Top 5 gainers over the week
However, amidst the all round weakness witnessed on the bourses, there were some stocks that managed to buck the general market trend and close the week with substantial gains (see table above). Amongst the key gainers this week was Tata Motors, which appreciated by 11% over the week. The reason for the gains can be attributed to the spectacular December quarter results declared by the company wherein it posted a 179% jump in bottomline on the back of a 55% growth in topline. The operating margins during the quarter also improved by 130 basis points over the corresponding quarter last year. The topline spurt was a factor of a 47% rise in commercial vehicle (CV) sales and a 60% rise in car unit sales during 3QFY04. Read full analysis
Top 5 losers over the week
On the other hand, amongst the key losers this week was the textiles major, Arvind Mills, which lost 15% during the week. The stock lost ground post the announcement of its 3QFY04 results, which were quite disappointing. The company's bottomline slumped 48% on the back of a 7% fall in topline. The primary reason for the fall in profits was the higher input costs, especially that of cotton, which, according to the company, is likely to continue affecting its margins for the next few quarters.
One sector, which was particularly out of favour this week, was the software sector. It must be noted that despite the good set of December quarter numbers declared by software companies and promising outlook, the sector witnessed a bout of selling. While stocks seemed to re-align closer to valuations they deserve, another important cause, which seemed to have turned the sector out of favour, was the news of increasing protectionism against the Indian IT sector from developed economies like the US and the UK.

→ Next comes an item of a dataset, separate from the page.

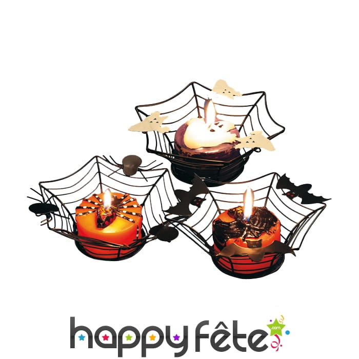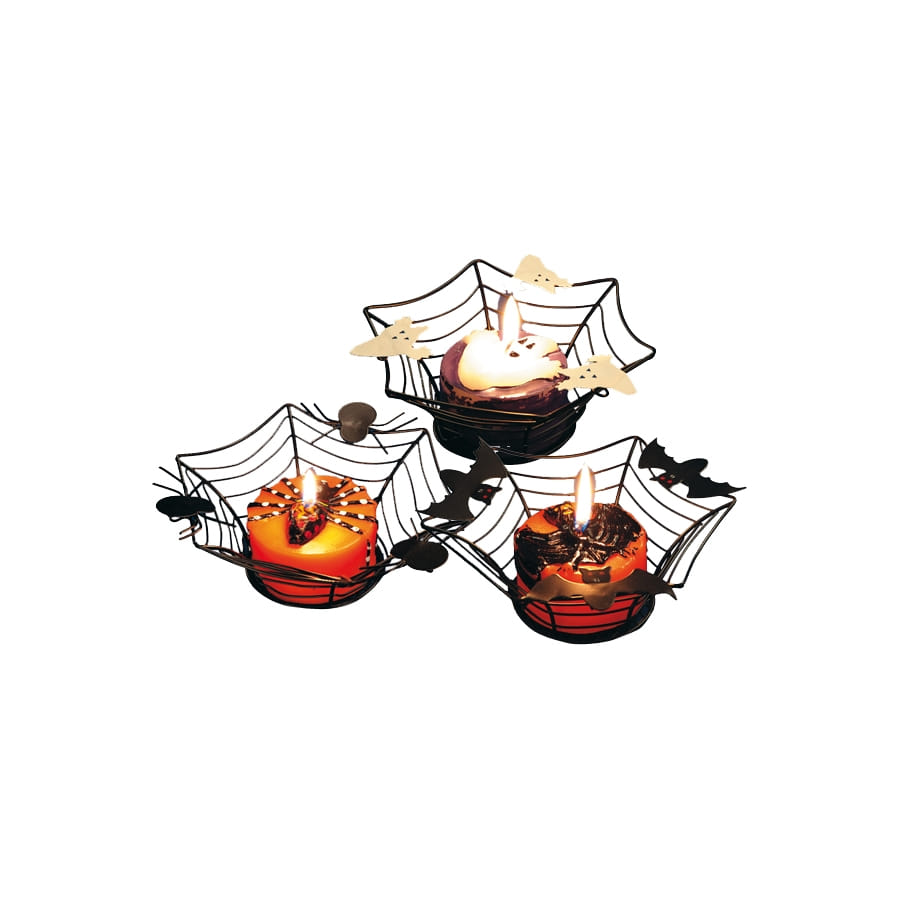 Bougie d'Halloween livrée dans un panier de métal assorti de 10 centimètres. Il existe 3 modèles de bougies dont une orange et noire en forme d'araignée, une autre de la même couleur mais en forme de chauve-souris et une troisième noire et blanche en forme de fantôme. Il est impossible de choisir ni le modèle ni la couleur de la bougie, et vous recevrez une de celles mentionnées. Elles créeront l'ambiance rêvée pour Halloween!

The US senate recently introduced a bill (not yet a law) that bans outsourcing of US government contracts. Further, the backlash against outsourcing continued with two Colorado lawmakers introducing bills that will deny state contracts to companies that move out jobs to India and other countries. While the former step in itself is not a big setback to the outsourcing story for India as, according to estimates, US government contracts form a mere 2% of India's total software and BPO exports, this development could further fuel the rising wave of protectionism. Some key losers.
With the results season coming to an end this week, investors, analysts and research houses would now start to concentrate on the future growth prospects of the economy at large and India Inc. in particular. With the current ruling government’s vote-on-account for the interim general budget next week and elections not far away, the mood on the bourses could be of cautious optimism, albeit not without its share of volatility, till a clear picture emerges post the general elections. However, it must be noted that such corrections in the market are only short-term phenomena and the longer-term growth story of India Inc. continues to remain promising on the back of reasons discussed time-and-again like outsourcing, manufacturing competitiveness and the current reforms underway in the country.